Note The address of the first byte in the data memory is 0x0 in C and thus the last byte is at address 0x3FFF. It is therefore not possible to (accidentally) address bytes in the instruction memory from C.
|1.||C Debugging library|
|Change the output destination memory range of mprintf() in the C debugging library and recompile it. This memory range reserved for this purpose contains the bytes at address MPRINTF_START_ADDR up to and including MPRINTF_MAX_ADDR (these preprocessor symbols are defined in mtools.h). The data range reserved for mprintf() is 0xE00 through 0xFFF (= 512 bytes) in the version of mtools.h that comes with the package. The bytes at address 0x0 through 0xDFF have been reserved for the input / output image of the JPEG decoder. This means that the bytes up to and including 0xFFF will not be used by lcc. If MPRINTF_MAX_ADDR increases, then the C compiler lcc needs to be reconfigured also to prevent it from storing data structures in the area used for the JPEG image or by mprintf().|
|2.||C compiler lcc|
|The following files determine the memory layout as the
compiler sees it:
A recompilation of the lcc compiler is necessary only if you change crt0.s.
|3.||mMIPS SystemC implementation|
|The following files in the System C implementation of the
mMIPS determine the memory layout:
|4.||Gossip and JPEG decoder|
|The script strings.sh writes that portion of the data segment to stdout that contains the output of mprintf(). If the output location of mprintf() was changed, then this script needs to be changed too. strings.sh is used by dolcc in ./c_libs/gossip and ./c_libs/djpeg_mmips. For the JPEG decoder it is also necessary to change the memory location where parse.c and step3.c load and store the picture respectively. The first file expects the picture at the start of the data memory (address 0x0) and the last character at MAX_ADDR_IMAGE (address 0xDFF initially). In step3.c sunraster_header *FrameHeader is initialized to the starting address of the picture (0x0) and unsigned char *FrameBuffer to the first byte after the header of the image (0x20). See also: choosing another the input image.|
Since the network interface (N.I.) is memory mapped it can be accessed through specific memory locations. The network interface is controlled in mMIPS assembler by appropriate stores/loads to/from these memory locations. A new module, MEMDEV, replaces the data memory of the original mMIPS and, based on the requested memory address either read/writes the RAM memory (for regular addresses) or performs appropriate communications with network interface (for device addresses). Note that the C communications library stdcomm handles all the internals of the N.I. This setup is the depicted in the following figure.
Figure 1: The MEMDEV module accesses RAM or NETWORK_INTERFACE depending on the address.

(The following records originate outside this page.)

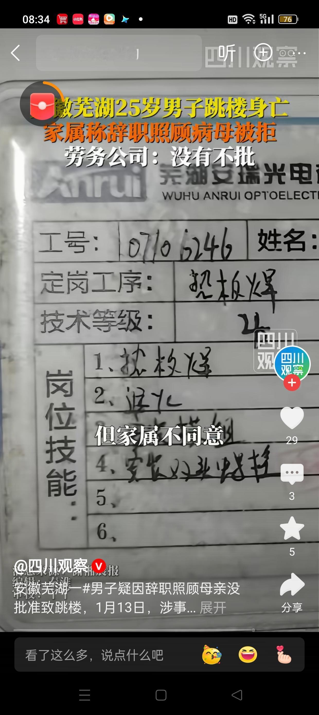 安徽芜湖25岁工人坠楼身亡:请假照顾母亲遭拒,背后隐藏的职场压力与家庭困境引发关注 近日,安徽芜湖发生了一起令人痛心的事件,一名年仅25岁的工人在工作岗位上不幸坠楼身亡。令人扼腕叹息的是,事发前不久,他曾向公司提出请假,理由是需要照顾年迈的母亲,但被公司拒绝。据家属透露,工人因家庭责任压力巨大,心情沉重,最终选择了极端方式结束生命。这一事件不仅引发了公众对职场人文关怀的关注,也让社会再次聚焦于劳动者的权益保障和家庭责任的矛盾。 事件经过:家庭与工作的双重压力 据家属介绍,工人工作勤奋,但家庭负担沉重。母亲年迈需要照料,工人希望请假陪伴和照顾母亲,但多次向公司提出请求未获批准。家属质疑,工人在情绪低落的情况下,可能感受到极大的压力与无助,最终选择了极端的方式。公司方面则回应称,“没有不批准的情况”,强调员工的请假请求都已按照程序处理,事件的具体原因还需进一步调查。 职场关怀:员工权益与企业责任的平衡 这起事件折射出当前职场中普遍存在的“压力与关怀”的矛盾。一方面,企业追求效率和业绩,员工的请假请求常被视为影响工作进度的因素;另一方面,员工作为企业宝贵的资源,也应享有合理的休息和家庭照顾的权利。尤其是在当今社会,家庭责任与工作压力的双重挑战,使得员工的心理健康成为不可忽视的问题。 近年来,心理健康问题在职场中的关注度不断提升。压力过大、家庭困境、孤独感等都可能成为导致极端行为的诱因。企业应建立完善的心理健康支持体系,为员工提供心理咨询、压力管理等服务,帮助他们应对生活与工作的双重挑战。 此次事件也提醒我们,社会应加强对劳动者特别是家庭困难群体的关注。完善劳动保障制度,确保员工在家庭困难时能获得合理的支持和照顾,是企业和社会共同的责任。政府应加强对企业的监管,确保劳动者权益得到切实保障。 每一个生命都值得尊重与珍惜。企业应以人为本,关注员工的身心健康,营造关爱、理解的工作氛围。家庭与工作的平衡不仅关乎个人幸福,也关系到社会的和谐发展。希望类似的悲剧不再重演,让每一位劳动者都能在工作中找到归属感与安全感。 愿逝者安息,也希望社会各界共同努力,为改善劳动环境、关爱员工家庭责任提供更多支持,让悲剧不再重演。
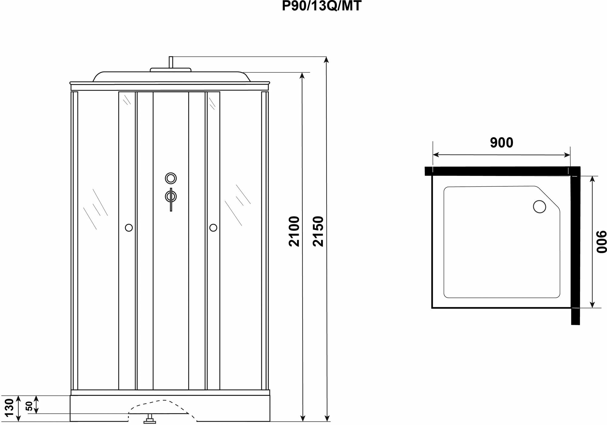 Душевая кабина Niagara Promo P90/13Q/MT/BK (90х90х200) 3 места
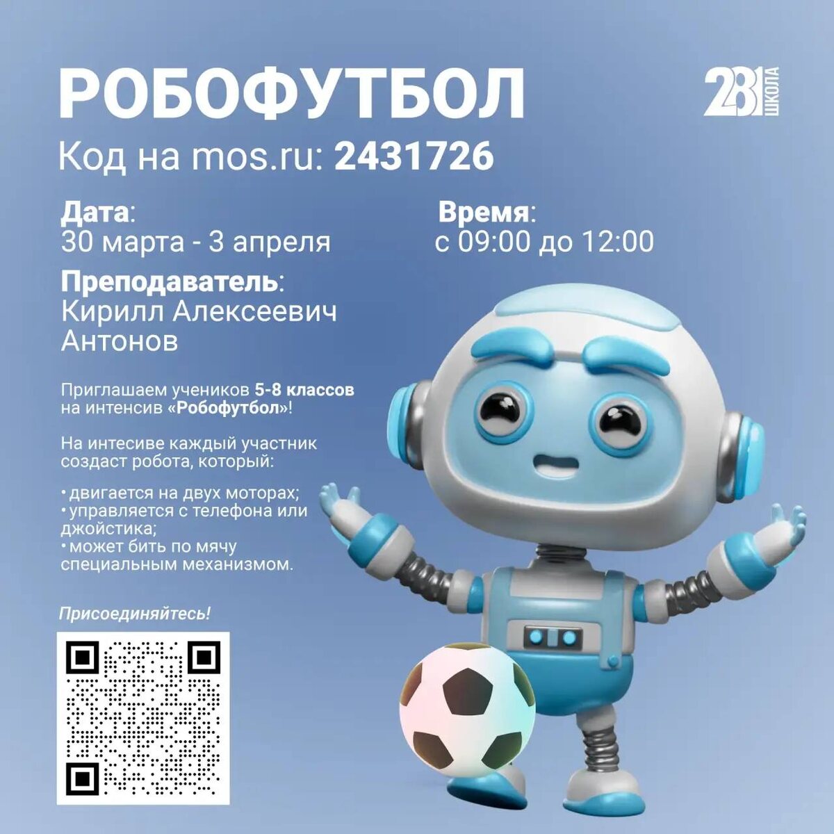 🚀 Приглашаем учеников 5-8 классов провести каникулы с пользой на интенсиве «Робофутбол»! ⚽️ 📆 Дата проведения: 30 марта—3 апреля ⏰ Время проведения: с 09:00 до 12:00 📍 Адрес: ул. Коминтерна, д.4, к.1 🔑 Код для записи на mos.ru: 2431726 🗓 Программа интенсива: 📅 День 1: робофутбол: введение в дисциплину, разработка концепции. 💻 День 2: робофутбол: сборка в виртуальной среде, разработка корпуса. 🛠 День 3: робофутбол: сборка робофутболиста. ⚙️ День 4: робофутбол: тестирование на полях. 🏆 День 5: робофутбол: робо-турнир. На интенсиве участники: ✅ Познакомятся с основами робототехники ✅ Разберутся, как устроены мобильные роботы ✅ Соберут собственного робота на базе ESP32 ✅ Подключат моторы через драйвер управления ✅ Настроят управление роботом с телефона или джойстика ✅ Создадут механизм удара по мячу с помощью сервопривода 🔥 Фишки интенсива: 🔹 Настоящая робототехника и программирование 🔹 Управление роботом по беспроводной связи 🔹 Механизм «кикера» для удара по мячу 🔹 Ком

The MEMDEV module recognizes two addresses assigned to the N.I.:
0x80000000 and 0x80000004 (note how the device access is indicated by the most significant bit of the
address). The first address (data word address) is associated with N.I. data while the second word (control word address) is used for N.I. control.
Reading and writing from the data word results in the reading/writing
internal buffers of the N.I. (these are physically separate buffers,
so writing to the data word and reading it back will not return
the same value). The read/write operation to the data word are
always non-blocking, i.e. regardless of the state of the N.I. they
read/write the N.I. buffers. However, depending on the state of
N.I. the read data may be invalid, or the written data can overwrite
the packet in the send buffer, which was not sent yet.
To monitor the status of the N.I., the control word of the N.I. can
be accessed by the memory address 0x80000004. The meaning of the bits in the
word is explained in figure 2.
Figure 2: Meaning of the bits in the N.I. control word (device address: 0x80000004).
Note that some of the bits in the control word can only be written (0-15, 17 and 20 - they control the behavior of N.I.) while some can only be read (16, 18 and 19 - they report the status of N.I.).
The status bits include:
The control bits:
The network interface is a module used to send and receive packet on the network. It is capable of sending and receiving packets with lengths being an arbitrary multiple of 32 bits. When such a packet is sent over the network is is split in smaller parts called flits before it is sent. Conversely, the arriving packet is reconstructed by collecting three flits. For any additional 32-bit word within the packet, additional two data-flits need to be added to the packet. The two actions of sending and receiving the packet are performed by two independent processes within the network interface (i.e. N.I. is able to receive and send simultaneously). The interface of the module is shown in the figure 3.
Figure 3: The network interface module.
On the network side, the interface is compatible with the network's router: it has two sets of data/req/ack signals, one in each direction.
On the processor side, NI provides a set of signals necessary to write destination address and the packet word data (reg_data_in with write_addr and write_data), read received packet word (reg_data_out), trigger packet sending (send) and confirm packet's reading (read) and the signals reporting communication status (send_rdy and data_rdy). In addition to that, two signals are used to mark last words of a given packet: packet_end asserted together with send means that a last word of the packet is being sent, while rcv_packet_end active together with data_rdy means that the last word of the packet has arrived.
The interface is fully synchronous, i.e. all data and associated strobes are probed on rising clock edge.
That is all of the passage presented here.